Yours Vs. Mine

I just got off the stationary exercise bike at our house. I typically ride six miles when I am using this bike for cardio exercise, and it usually takes me about 22-23 minutes to complete that six miles. Sometimes I pause it to jump off and do some circuit calisthenics, and so my routine may take a little longer. But by the time I’m done, I’ve worked up a good sweat, my heart has pumped at a good pace, and my muscles feel that they have been well-used.

Now, I know that there may be someone reading who is a fitness fanatic. You read those numbers, and you are severely underwhelmed. Perhaps you even did the math while you read and quickly estimated that my biking is almost a four-minute mile. Then you may have thought, “Allen, don’t you know that there are plenty of people who run four-minute miles? You’re not doing very good exercising if you are only biking a four-minute mile.”

But here’s the thing… I’m not competing against those people. I’m not in a race. I’m not working toward a personal record. Nothing wrong with those things. It’s just not what I’m setting out to accomplish. I’m simply trying to conquer another day of cardio to keep my body in good health. The goal is different. So, it’s not comparing apples-to-apples.

This is where we often get into trouble. We look down on ourselves because we don’t feel like what we are doing compares to what someone else is accomplishing. We feel like our four-minute mile on an exercise bike isn’t as good as someone else’s four-minute mile on foot in a marathon. But we need to focus on what we are trying to accomplish.

The writer of Hebrews says we are to run the race God has set before us. Not the race He has set before other people. The race He has set before us. When we do this, we honor Him and accomplish our assignment more effectively.

You don’t have to keep up with someone else. You don’t have to give as much as they give… or serve how they serve… or worship the same way they worship.

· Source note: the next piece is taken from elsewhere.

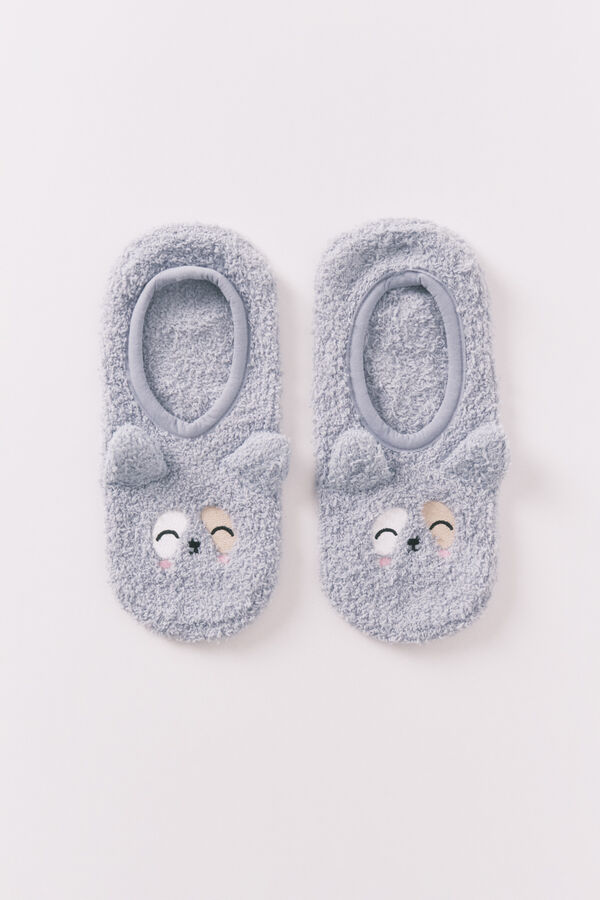 Calcetines slip on, con textura fluffy y diseño de perro en 3D para un toque divertido. Diseñado para ofrecer comodidad y estilo durante tus actividades diarias.
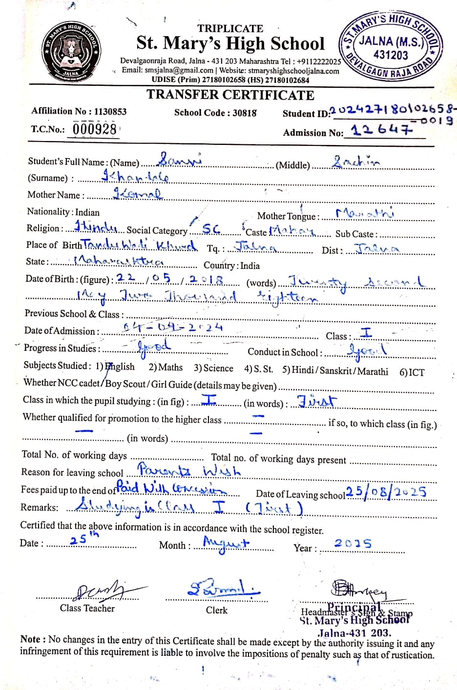 Transfer Certificate of Sanvi Sachin Khandale (12647)

You do have to be true & faithful to what God has set in front of you to do if you want to truly succeed in life. And when you focus on the race set before you, you’ll see yourself succeeding more and more.

So, if you’re not impressed with my speed on the exercise bike, that’s okay. I’m not trying to impress or out-do anyone else. I’m just trying to stay healthy so I can honor God with my life and be here for my family and those I serve. Every time I knock out another six miles in 22 minutes, I wipe the sweat from my brow and feel the success of victory over my own laziness.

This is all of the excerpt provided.